Introduction
The Dardanelles Campaign of April-December 1915, during the Great War, is remembered especially for the Anzac and Indian troops who gave their lives on the Gallipoli Peninsula in western Turkey. Then as now it was regarded as a failure by many, but John Masefield took quite another view — of the campaign, and of failure itself.
A LITTLE while ago, during a short visit to America, I was often questioned about the Dardanelles Campaign.* People asked me why that attempt had been made, why it had been made in that particular manner, why other courses had not been taken, why this had been done and that either neglected or forgotten, and whether a little more persistence, here or there, would not have given us the victory. These questions were often followed by criticism of various kinds, some of it plainly suggested by our enemies, some of it shrewd, and some the honest opinion of men and women happily ignorant of modern war. I answered questions and criticism as best I could, but in the next town they were repeated to me, and in the town beyond reiterated, until I wished that I had a printed leaflet, giving my views of the matter, to distribute among my questioners.

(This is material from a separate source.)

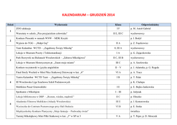 KALENDARIUM – GRUDZIEŃ 2014 Dzień Wydarzenie ZOO edukacja 1 Warsztaty w szkole „Pies przyjacielem człowieka” Klasa IF II E, III C Konkurs Piosenki w ramach WNW – MDK Krzyki 2 Wyjście do TGG – „Małpi Gaj” Teatr Kalambur WCTD – „Zagubiony Święty Mikołaj” Lekcja w Muzeum Poczty i Telekomunikacji Park Rozrywki na Bielanach Wrocławskich – „Zabawa Mikołajowa” 3 p. M. Anioł-Gabriel wychowawcy p. I. Bodył II A 0, III A IA II C, III B p. Z. Frąckiewicz wychowawcy p. G. Zajączkowska wychowawcy Lekcja w Muzeum Historycznym pt. „Znam moje miasto” III C p. A. Szerlowska Konkurs recytatorski w języku angielskim II – V p. J. Adamska, p. G. Rogula Finał Strefy Wschód w Mini Piłce Siatkowej Dziewcząt w kat. „4” VI A p. A. Tracz IB p. T. Palat Teatru Kalambur WCTD Teatr – „Zagubiony Święty Mikołaj” 4 Odpowiedzialny III Wrocławska Liga Szachowa Szkół Podstawowych Multikino Pasaż Grunwaldzki Spotkanie z Mikołajem p. K. Chałupa IE p. E. Bujko-Jankowska I – III p. Jedynak Lekcja biblioteczna w DBP – „Rozum, wiedza, mądrość” II C p. Oleszko Akademia Filmowa Multikino (Arkady Wrocławskie) III E p. J. Komorowska Wycieczka do Centrum Poznawczego przy Hali Stulecia VI B p. E. Sroka 5 Międzyszkolny Konkurs Plastyczny „Moje fantazje – Podwodny świat” Turniej Mikołajkowy Mini Piłki Siatkowej w kat. „3” w SP nr 3 świetlica VA p. T. Pajor, p. D. Mroczek Ogólnopolskie Zawody pływackie "Barbórka 2014" (Głogów) 6 Turniej „Volleymania” Dziewcząt i Chłopców w kat. „4” AWF Wrocław V E, VI E VI A n-le pływania p. A. Tracz, p. T. Pajor 7 Mikołaj w szkole – organizacja SU Wyjście do Multikina „Mikołajki” 8 Od 8 grudnia – Akcja charytatywna „Paczka świąteczna dla potrzebujących rodzin” p. A. Sawras-Nowak ID p. B. Kisiel Wyjście do Muzeum Etnograficznego IV B p. A. Kwiatkowska Finał Strefy Wschód w Mini Piłce Siatkowej Chłopców w kat. „4” VI A p. T. Pajor Dolnośląska Liga Pływacka klas IV w SP 46 VI E p. B. Urysz Wyjście do Muzeum Etnograficznego English High Flier – konkurs j. angielskiego I A, I C IV C IV – VI Konsultacje dla rodziców – półroczne propozycje ocen Wyjście do Muzeum Etnograficznego Wyjście do Muzeum Geologiczne 11 Wycieczka do fabryki bombek w Złotoryi 12 p. A. Szerlowska świetlica Teatru Kalambur WCTD Teatr – „Zagubiony Święty Mikołaj” 10 III C Kiermasz Świąteczny (od 8 do 12 grudnia) Teatru Kalambur WCTD Teatr – „Zagubiony Święty Mikołaj” 9 p. J. Molęda-Słomka wychowawcy p. G. Kostrzycka p. G. Rogula wszyscy n-le IV A kółko przyrodnicze p. Wawrzyńczuk p. I. Bodył I F, I G wychowawcy Teatru Kalambur WCTD Teatr – „Zagubiony Święty Mikołaj” II E p. B. Matysiak Wyjście do Multikina na film pt. „Dziadek do orzechów” III D p. A. Lach Lekcja biblioteczna w DBP – „Rozum, wiedza, mądrość” II B p. I. Kopaniarz Wyjście do Muzeum Etnograficznego IV D p. M. Kamińska Wyjście do Aquaparku VB p. B. Godlewska Zimowe Mistrzostwa Okręgu (Nowa Ruda) V E, VI E n-le pływania 13 Zimowe Mistrzostwa Okręgu (Nowa Ruda) V E, VI E n-le pływania 14 Turniej Mini Piłki Siatkowej Dziewcząt o Puchar Prezesa MMKS (Kłodzko) IV A, V A, VI A p. A. Tracz p. D. Mroczek 15 Koncert muzyczny z p. T. Nestorowiczem I A, I E, I F, II A-D, III B, III D wychowawcy I A, I B, I F wychowawcy Lekcja biblioteczna w CK Agora pt. „Zwyczaje świąteczne” Wyjście do Muzeum Etnograficznego 16 VI Szkolny Konkurs Sudoku klas IV – VI IV E IV – VI Konkurs kolęd i pastorałek Koncert muzyczny z p. A. Zwoźniak p. B. Urysz p. M. Kamińska świetlica 0, I B, I H wychowawcy 17 Próbny sprawdzian klas szóstych przygotowany przez CKE 18 Lekcja biblioteczna w CK Agora pt. „Zwyczaje świąteczne” I C, I E wychowawcy Wigilie klasowe 0 – VI wychowawcy Jasełka 0 – VI katecheci 19 Międzynarodowe Zawody pływackie "Świdnicka Gwiazdka” (Świdnica) Dyrektor IV E, V E, VI E Rozstrzygnięcie konkursu na najpiękniejszą zabawkę choinkową Koncert muzyczny z p. A. Zwoźniak 20 21 22 23 24 25 26 Międzynarodowe Zawody pływackie "Świdnicka Gwiazdka” (Świdnica) Zimowa przerwa świąteczna od 22 grudnia do 31 grudnia 2014 r. n-le pływania świetlica I C, I D, I G, II E, III A, III C wychowawcy IV E, V E, VI E n-le pływania 27 28 29 30 31

See The Gallipoli Landings. The campaign was devised early in 1915 as a new front against the German Empire. The plan was to knock Turkey, or the Ottoman Empire as it then was, out of the Great War by sailing the Royal Navy’s Aegean fleet right up to her capital Constantinople (Istanbul) through the connecting Dardanelles Strait. This required the army to clear guns from the slim Gallipoli Peninsula that forms the northern shore. The campaign began on April 25th, 1915; by December little progress had been made, despite the loss of some 44,000 Allied lives. The ships never sailed through the Strait; Winston Churchill was dismissed as First Lord of the Admiralty; Herbert Asquith’s reputation as a weak wartime leader became more widespread, and he was ousted by David Lloyd George in December 1916.